Consequently, KPK and adjoining Fata region particularly continued to serve as a sanctuary for the growth of intolerant and militant narrative which, to make the matters worse, got sectarian and Arab Salafist undertones too. It is for this fact that research study mentioned earlier noticed increase in the number of madrassas between 1988 and 2002 with significant rise in Deobandi seminaries, which increased from 1779 to 7000! As many as over 4000 of these seminaries today are located in KPK and Fata. Continued for decades, all this just mutilated the Pashtun outlook.
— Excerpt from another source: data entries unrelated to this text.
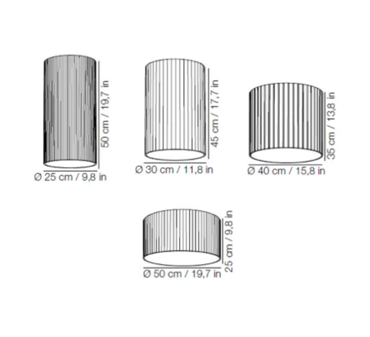 La collection Giass comporte 4 modèles qui varient en fonction de leur taille. Aussi bien au niveau de la hauteur, que du diamètre, les 4 modèles ont tous une taille différente. Le Giass 25 a une hauteur de 50cm et un diamètre de 25cm. LE Giass 30 a une hauteur de 45cm et un diamètre de 30cm. Le Giass 40 a une hauteur de 35cm et un diamètre de 40cm. Pour finir, le Giass 50 a une hauteur de 25cm et un diamètre de 50cm.
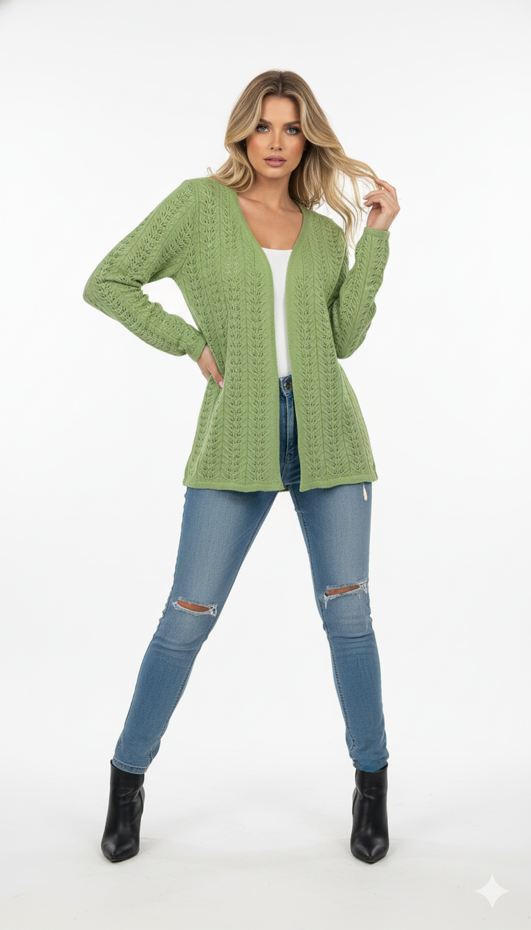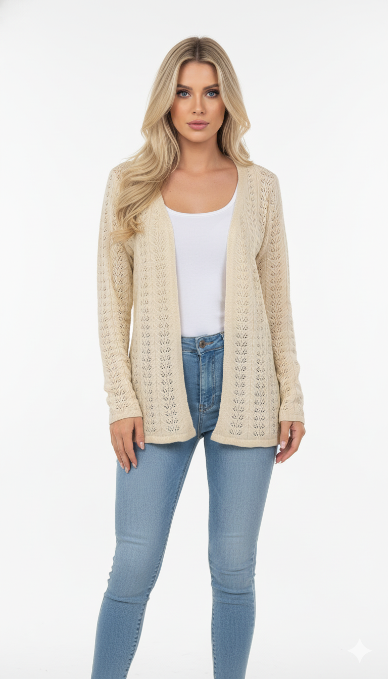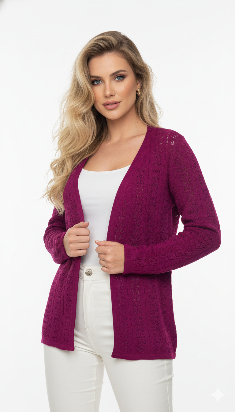 Seu trabalho rendado em tricot adiciona charme e feminilidade, enquanto a modelagem aberta e alongada proporciona um visual versátil e moderno.
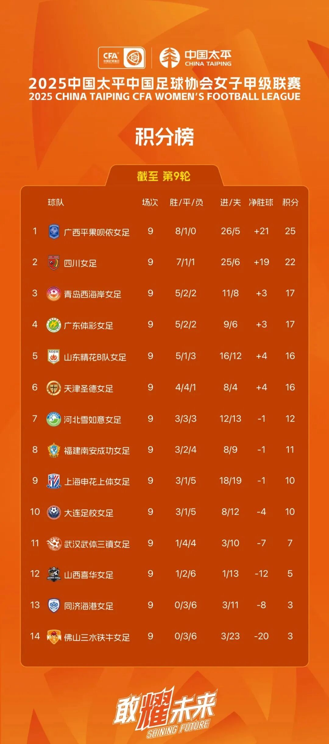 本轮过后,广东体彩女足5胜2平2负积17分排名第四位。
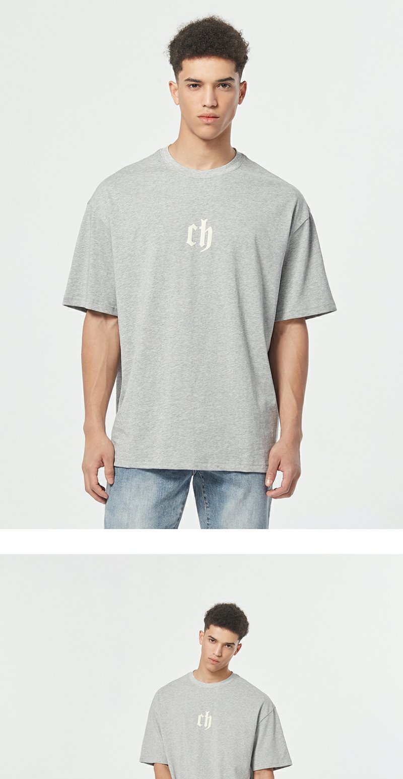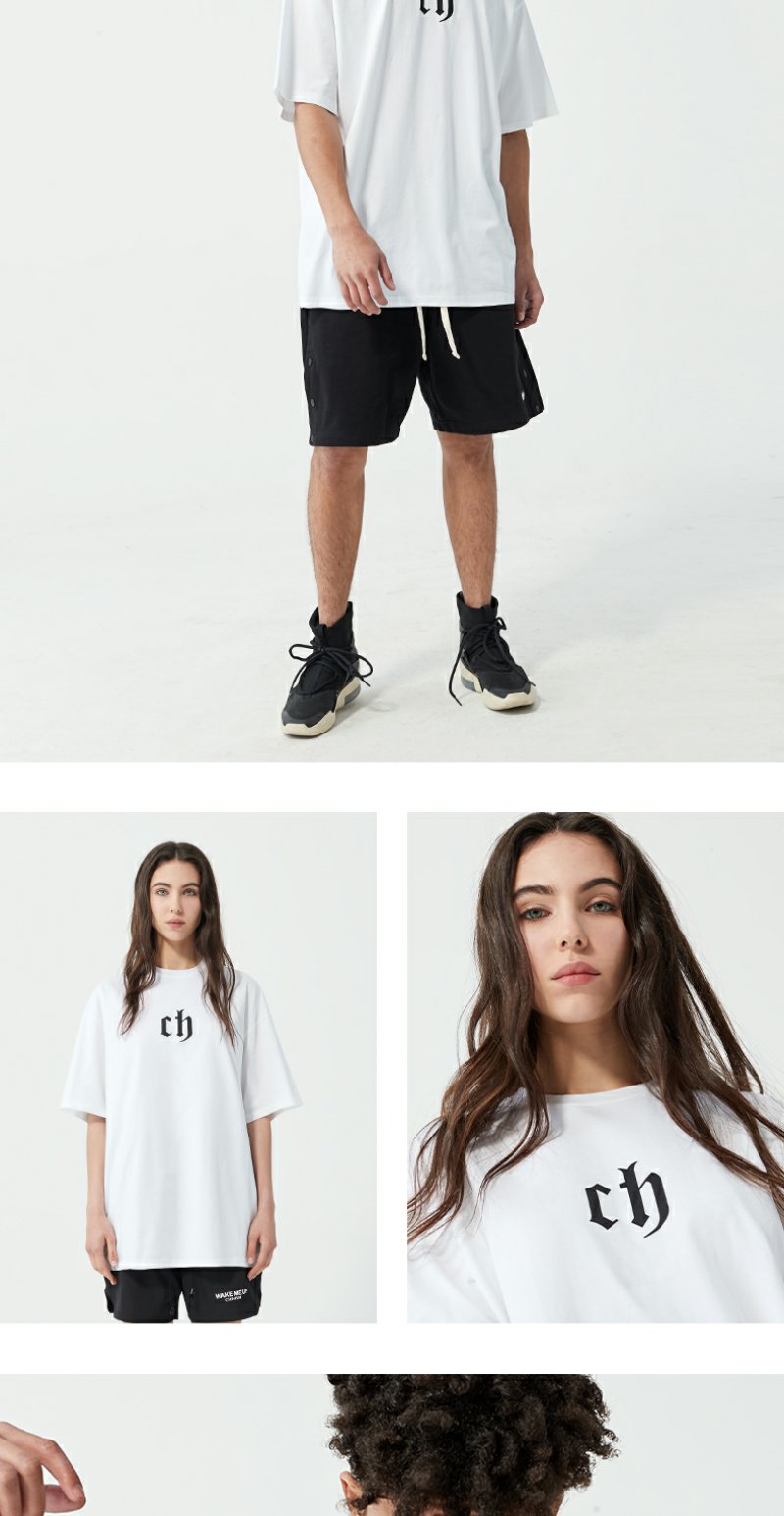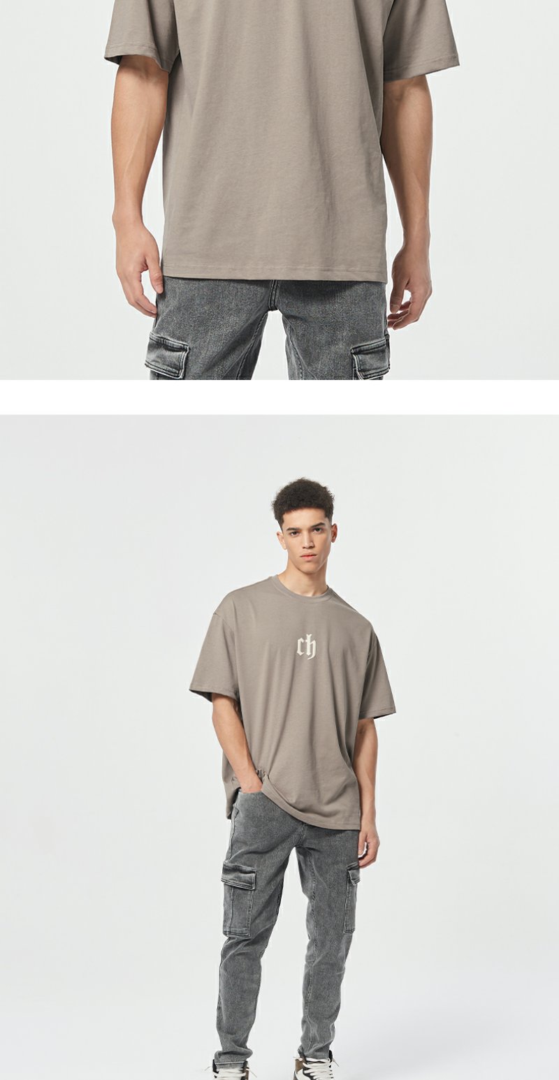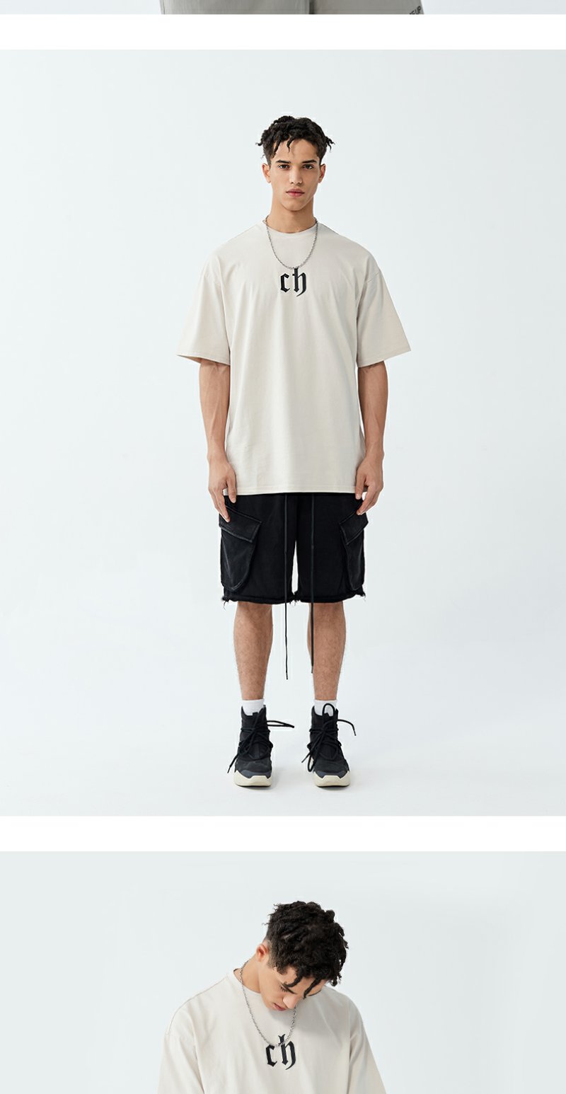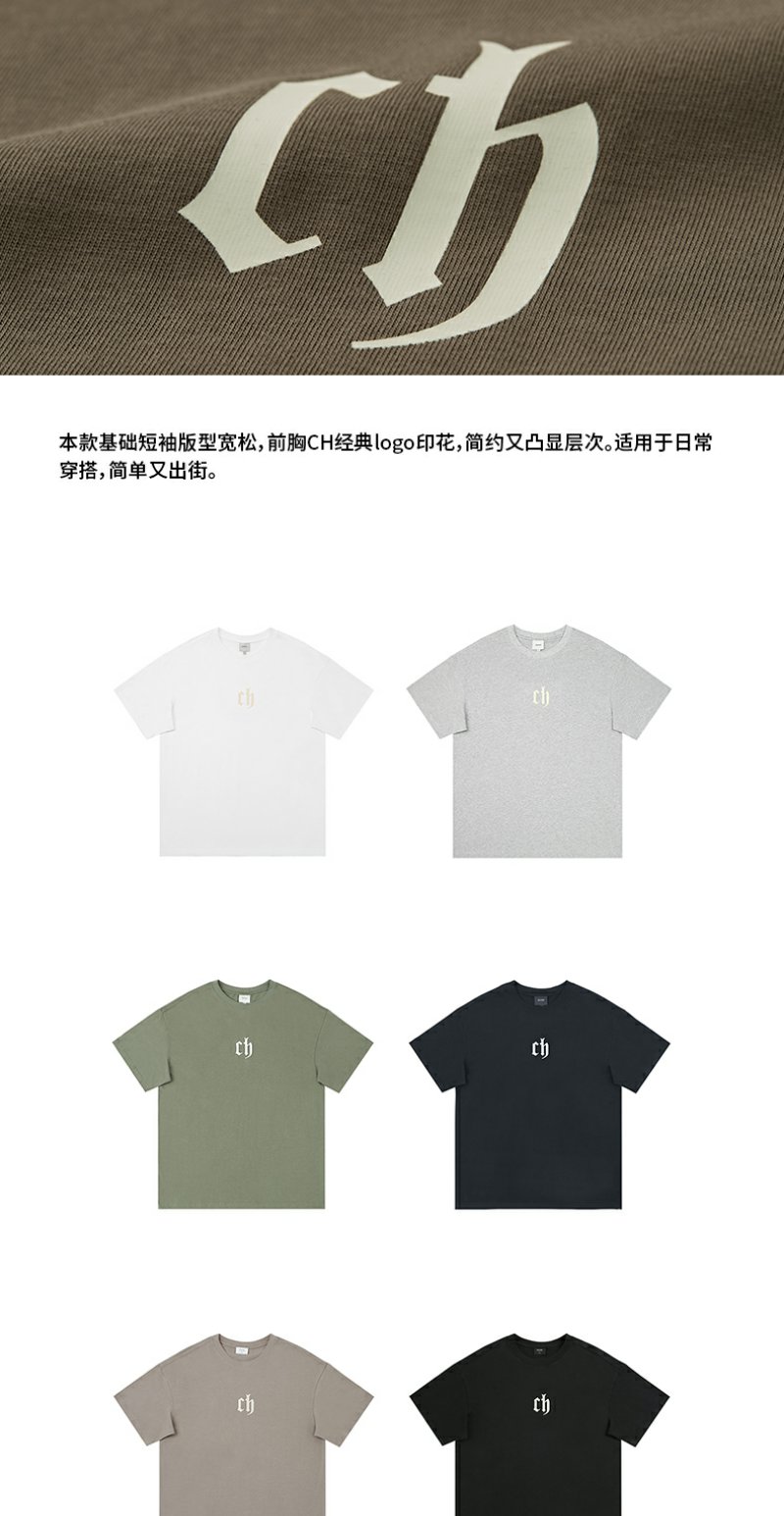 【胡可】CHINISM CH美式短袖t恤男水洗黑色宽松纯棉夏季半袖

Geographic traits and Pashtunwali values of Pashtun aside, Pashtuns have been overfed with the impression that they are genetically best fit only to fight. This is in stark contrast to Pashtun cultural heritage which is so full of softer aspects such as romantic folklores of Adam Khan-Durkhanai, Yousuf Khan-Shehrbano, Sher Alam-Mamonai, and poetry, especially ‘tappay’ so famous with rural Pashtun women. And who can deny the contribution of Pashtun legendary artists to film industry in India and Pakistan.
Without meaningful investment from the state of Pakistan towards health and education development in KPK and Fata, these areas were left to the indoctrination of intolerant narrative of the religion through Madrassa, mosque and formal schools which only helped the rise of militaristic attitudes.
Certainly, there is no dearth of violent extremists within other regions and ethnicities of Pakistan, but Pashtuns are so stereotypically identified with violent extremists who pose a threat to the state and society of Pakistan. This in turn, and so rightly, offends the ethnic identity of Pashtun. It is similar to how all Muslims in the West and other non-Muslim countries are generally seen with a suspicion for fears of terrorism, obviously though not even a fraction of Muslims in the world subscribe to violent extremism.
It goes without saying that letting this perception grow unchecked is homicidal to a democratic country with dreadful consequences in store.
Certainly, sustainable solution lies in revisiting the state narrative which will require reforms in governance, education policy, Madrassa education, and foreign policy.